Use technology to share information, goods, resources: it’s the sharing economy.
One of the many variations of this “sharing economy” is P2P Lending (or Social Lending)
An alternative finance model in which, thanks to technology, individuals make their savings available to those who request a loan, without bank intermediation .
P2P Lending is very widespread all over the world: just think that in 2016, only in the US, 24 billion dollars were provided through online platforms.
However, in Italy, the affirmation of this model of ethical finance is lagging behind other countries.
Why? The reasons for this are more than one. The main one concerned the type of taxation, not very beneficial for lenders. But now things have changed profoundly: 2018 will be the year of the breakthrough of P2P Lending in Italy.
In fact, in December 2017, the Italian Parliament finally approved an amendment according to which P2P Lending is no longer taxed on the basis of the income tax rate relative to the investor, but with a single rate of 26% , as for any other form of investment financial.
Parliament has also recognized, from a legislative point of view, that P2P Lending is an important part of the Fintech sector, where finance and technology meet. Behind the promulgation of the amendment must read the desire to bring Italy to the same level as its European neighbors. Because P2P is a model that works, and that can help to grow the economy.
P2P Lending is a form of high yield investment, and has low volatility. Make a loan to a private individual, and each month receive a repayment consisting of an interest and a principal amount. Everything is clear and linear, without the fluctuating trend of other financial instruments.
However, as with any other form of investment, Social Lending also has some risk factors. But with Social Lending, a P2P Lending platform monitored by the Bank of Italy , these factors are drastically reduced. Here because:
You choose how much to risk.
With Social Lending it is the lender who decides how much he wants to risk. You can invest on 3 different markets: Conservatives, which includes applicants whose loans are very solid, Balanced, and finally Dynamic, where the borrowers that are more risky are grouped together, but which allow for greater remuneration. You establish the most suitable market for you.

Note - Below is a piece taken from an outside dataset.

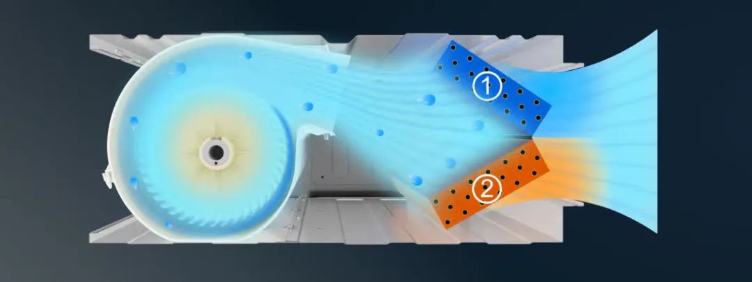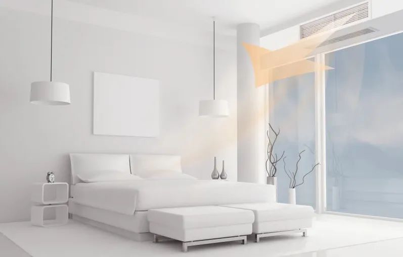 选配新型风口部件,扫风覆盖范围更广,扫风角度随心控制,实现全屋 3D 环绕送风效果。

Diversify to reduce risk .
If you decide to invest € 1,000, your money will not go into the hands of a single applicant, but will be divided into small parts, for example € 20. You will then lend your € 1,000 to 50 different applicants.
Credit recovery in the event of non-payment .
If the applicant does not have to repay the loan on time – and if there is no agreement – Social Lending proceeds to recover the amounts due. The lender will be able to recover what has been lent, following the legal process.
“Social Lending Lender Protection” protection fund .
In the event that the legal process is not successful, Social Lending will activate, up to the fund capacity, the Social Lending Lender Protection, a protection fund to repay the unpaid capital by the debtor: an important guarantee to protect lenders.
But investing with Social Lending agrees? The answer is yes: investments make up to 6.5%, much more than those of many other financial instruments.
If you are looking for a form of intelligent investment, supportive and with excellent returns, Social Lending is the best solution. A model of alternative finance, made by people and for people, that looks to the future. Invest now.